> **Exercise**:
What's needed is an exact retyping of the lines from the start of the listing up to and including the line with "Неоновый знак Hello", minus any pictures.

> **Information shown**:
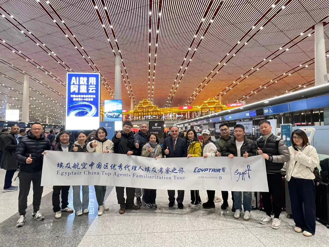 وفي إطار دعم الترويج للمقاصد السياحية المصرية، شاركت مصر للطيران في رعاية واحدة من أكبر الرحلات التعريفية للسوق السياحي المصري، حيث قامت برعاية ونقل 46 وكيل سياحي ومنظم رحلات صيني، بالتعاون مع وزارة السياحة والأثار المصرية، والهيئة العامة للتنشيط السياحي، والمتحف المصري الكبير، وشملت الرحلة زيارة أبرز المعالم الأثرية والمناطق السياحية في مصر، بما يُتوقع أن يسهم بشكل كبير في زيادة حجم السياحة الصينية الوافدة إلى مصر، خاصة على متن رحلات مصر للطيران، الناقل الوطني لجمهورية مصر العربية.
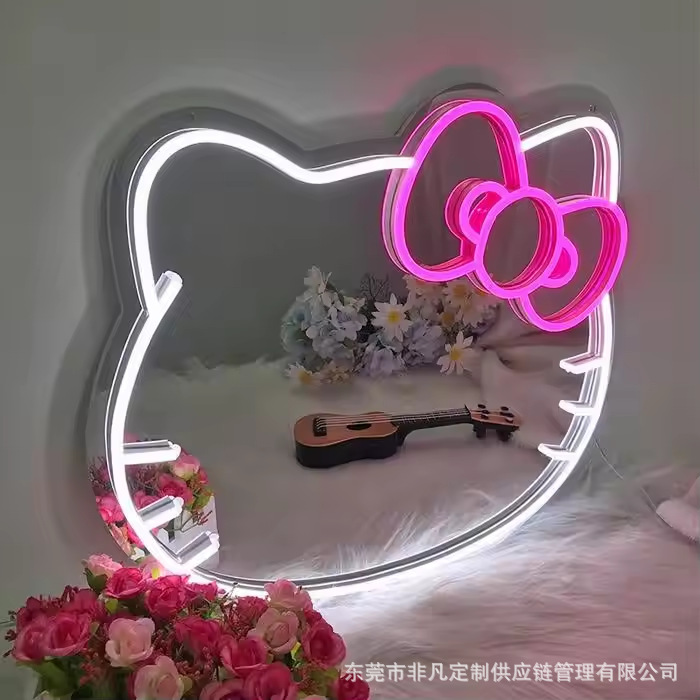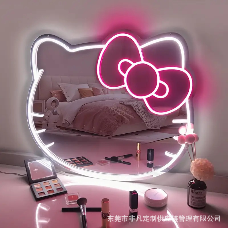 Неоновый знак Hello Kitty персонализированный неоновый свет зеркало для макияжа с светодиодным знаком
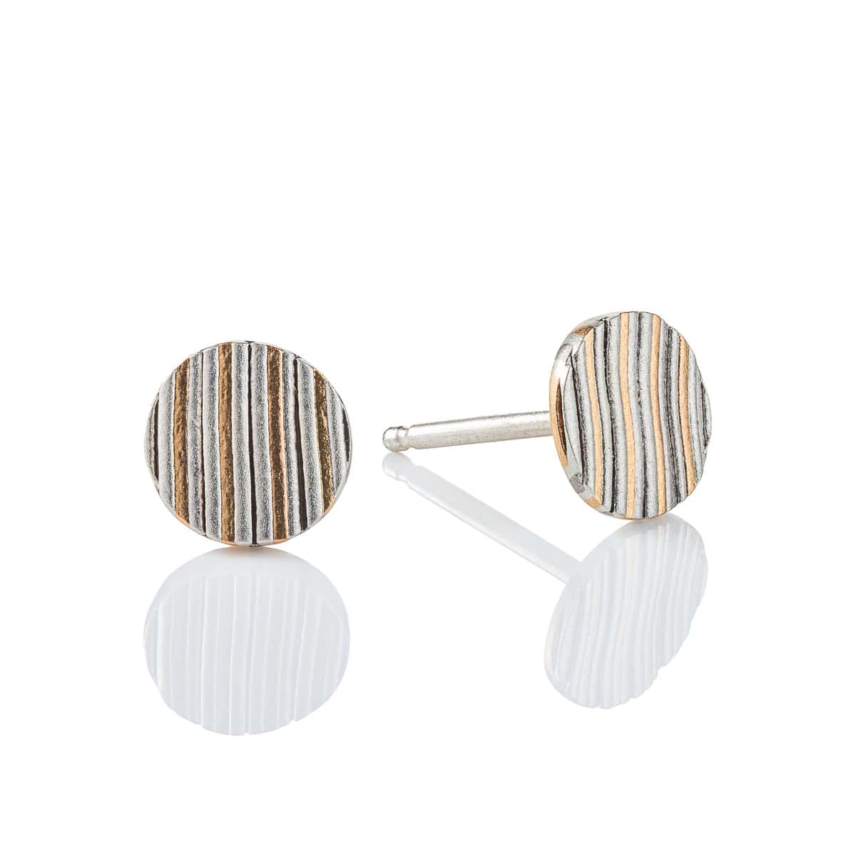 The silver layers are etched lightly to create valleys and lower patterns in the mokume. Giving the surface some texture and adding visual contrast.
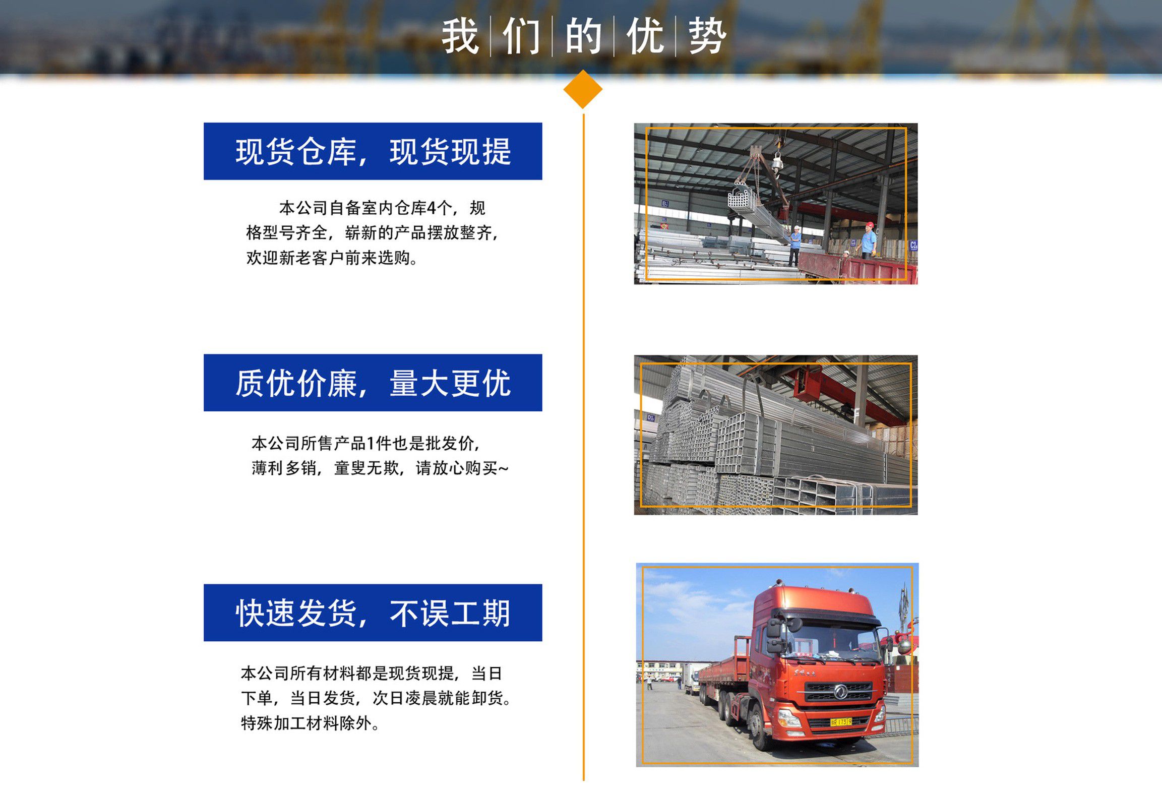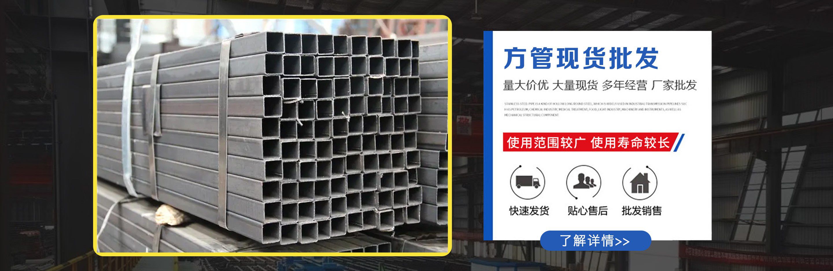 天津鍍鋅方管廠位于天津市靜海大邱莊工業(yè)區(qū),交通便利,地理位置優(yōu)越。我廠占地面積近9000平方米,注冊資金1000萬元,主要從事鍍鋅方管,鍍鋅方矩管,熱鍍鋅方管,鍍鋅方管廠家等產(chǎn)品的生產(chǎn)及銷售,現(xiàn)生產(chǎn)設備已擴大到六條,年生產(chǎn)量十萬噸左右占地面積近兩萬平米。銷售網(wǎng)絡遍及全國,受到廣大用戶認可。公司恪守以誠信為本,立業(yè)為眾的經(jīng)營理念,以可靠的質(zhì)量、合理的價格、優(yōu)質(zhì)的服務、卓絕的信譽、期待您的關(guān)注和支持。  公司庫存量大,材質(zhì)規(guī)格齊全,沒有規(guī)格及特殊規(guī)格材質(zhì)方管可及時定貨生產(chǎn),我公司經(jīng)營方式靈活,批零兼營、一支起售,并可為客戶辦理鐵路、公路運輸,7*24小時為您服務,歡迎新老客戶來電垂詢。  公司一直堅持“以質(zhì)量求生存,以產(chǎn)品求發(fā)展,以信譽保合作,以服務贏客戶”的經(jīng)營方針,客戶遍及大江南北,獲得了良好的聲譽與回報,在以后的發(fā)展歷程中,我們愿與廣大客戶攜手并進,共創(chuàng)輝煌。  熱忱歡迎新老客戶蒞臨指導、洽談業(yè)務!...

> **Result of this task**:
 وفي إطار دعم الترويج للمقاصد السياحية المصرية، شاركت مصر للطيران في رعاية واحدة من أكبر الرحلات التعريفية للسوق السياحي المصري، حيث قامت برعاية ونقل 46 وكيل سياحي ومنظم رحلات صيني، بالتعاون مع وزارة السياحة والأثار المصرية، والهيئة العامة للتنشيط السياحي، والمتحف المصري الكبير، وشملت الرحلة زيارة أبرز المعالم الأثرية والمناطق السياحية في مصر، بما يُتوقع أن يسهم بشكل كبير في زيادة حجم السياحة الصينية الوافدة إلى مصر، خاصة على متن رحلات مصر للطيران، الناقل الوطني لجمهورية مصر العربية.
 Неоновый знак Hello Kitty персонализированный неоновый свет зеркало для макияжа с светодиодным знаком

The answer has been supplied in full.